Life Storage, Inc. is a real estate investment trust headquartered in Williamsville, New York, that invests in self-storage units. The company was previously known as Sovran Self Storage and Uncle Bob's Self Storage. As of February 2023, the company had over 1,100 facilities in 37 states. It is the 4th largest owner of self-storage units in the United States and the 4th largest self-storage property manager.

In addition to its standard rental storage units, the company also offers units with climate control and dehumidification systems. There are also larger units for items like boats, cars, and other large properties. Most facilities offer a variety of amenities and features, including keypad security systems that restrict floor access to approved users or property access to customers only, security systems that monitor activity on the facility grounds, free truck use, and moving and storage merchandise. Some facilities also offer individual door alarms, intercom systems, and conference rooms for business meetings.

History
The origins of Life Storage, formerly known as Sovran Self Storage, can be traced back to 1982, when it was founded as a financial planning firm in Buffalo, New York. Three years later, in 1985, the company entered the self-storage industry by opening its first facility in Florida, eventually accumulating around 30 such facilities along the East Coast over the next three years. 

Throughout the next decade, the company continued to expand, accumulating 62 self-storage facilities across the United States, and rebranding each one to "Uncle Bob's Self Storage" under the leadership of former CEO and Executive Chairman, Robert J. Attea. In 1995, the company became a public company through an initial public offering. By the end of 1996, the company operated 111 self-storage facilities in 15 states along the East Coast and Texas, eventually growing to 222 facilities by 1999, all of which used "Uncle Bob's" name. Five years later, the company operated facilities in 21 states.

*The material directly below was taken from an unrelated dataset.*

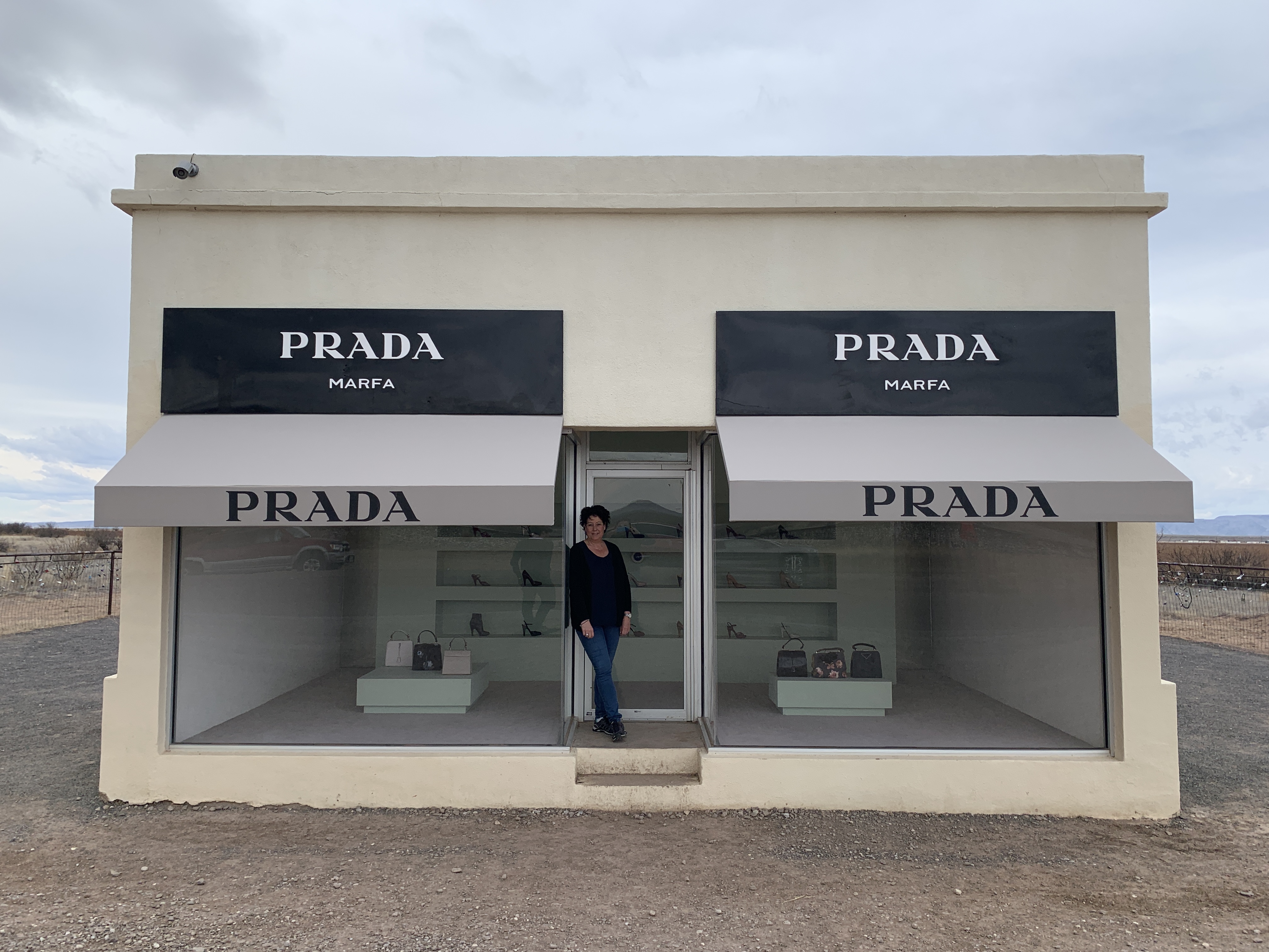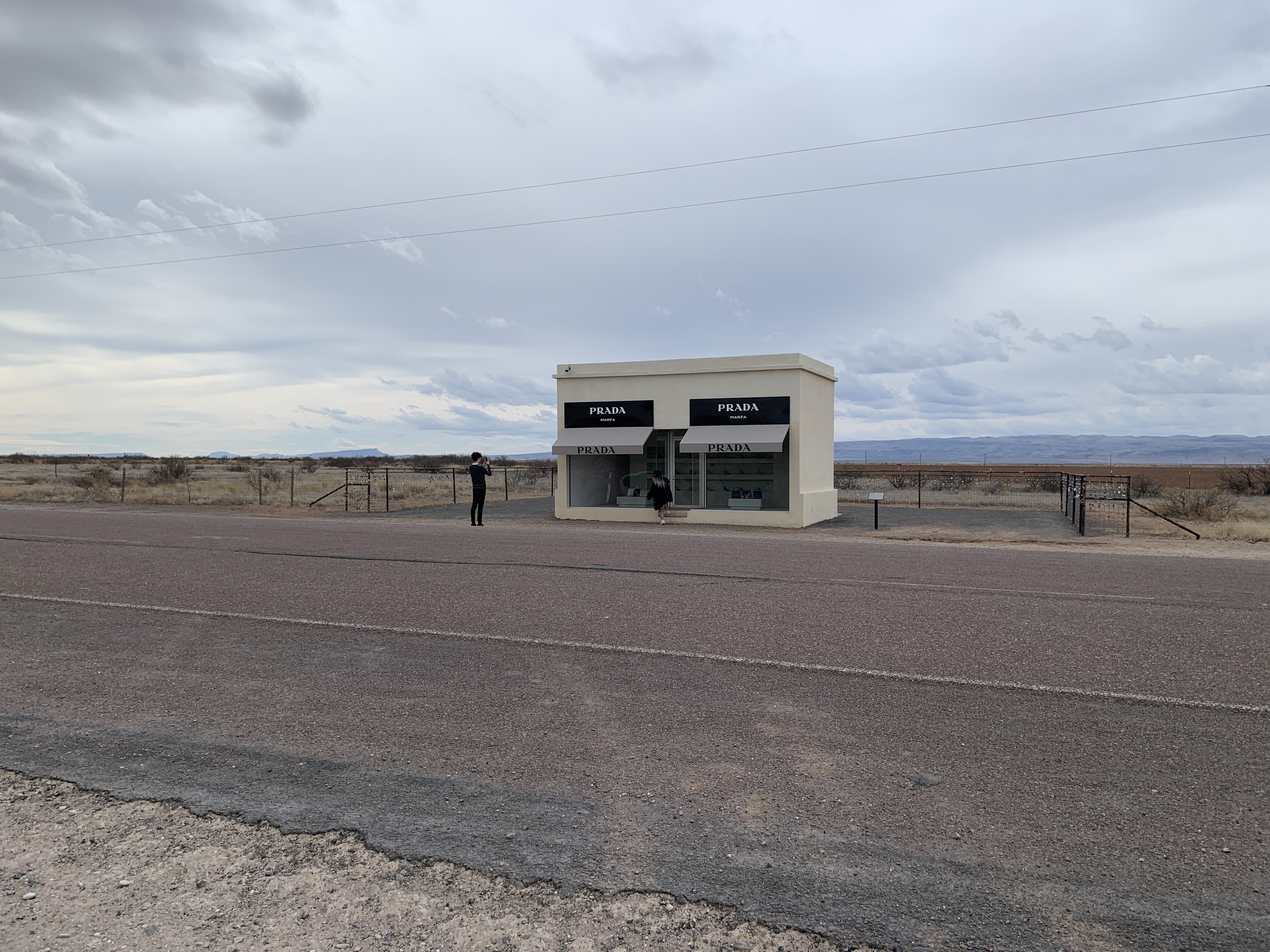 Net voorbij Valentine staat in de middle of nowhere zowaar een showroom van Prada. In de showroom worden schoenen en tasjes geshowd. Het is een erg fotogeniek plek. Een showroom met daarom heen de kale uitgestrekte vlakte. Aan de hek rondom het gebouw zijn door bezoekers slotjes gehangen.

In 2012, David Rogers, the former CFO, was appointed CEO, replacing Robert J. Attea, who remained Executive Chairman. As of November 2013, the company operated 471 facilities in 25 states. In the following years, the company continued to expand through acquisitions and rebranding efforts. The company was added to the S&P 400 stock market index in 2015. In 2016, the company acquired Life Storage LP for $1.3 billion, giving it its first properties in Northern California and Las Vegas. Following this acquisition, the company rebranded its facilities from "Uncle Bob's Self Storage" to "Life Storage" and changed its name.

Throughout the following years, the company continued to grow and make strategic acquisitions, including properties in Wisconsin, Arizona, Nevada, and Tennessee. In 2019, Joseph Saffire replaced David Rogers as the company's CEO. In the same year, the company acquired a property in Tampa and sold properties in Greensboro, North Carolina.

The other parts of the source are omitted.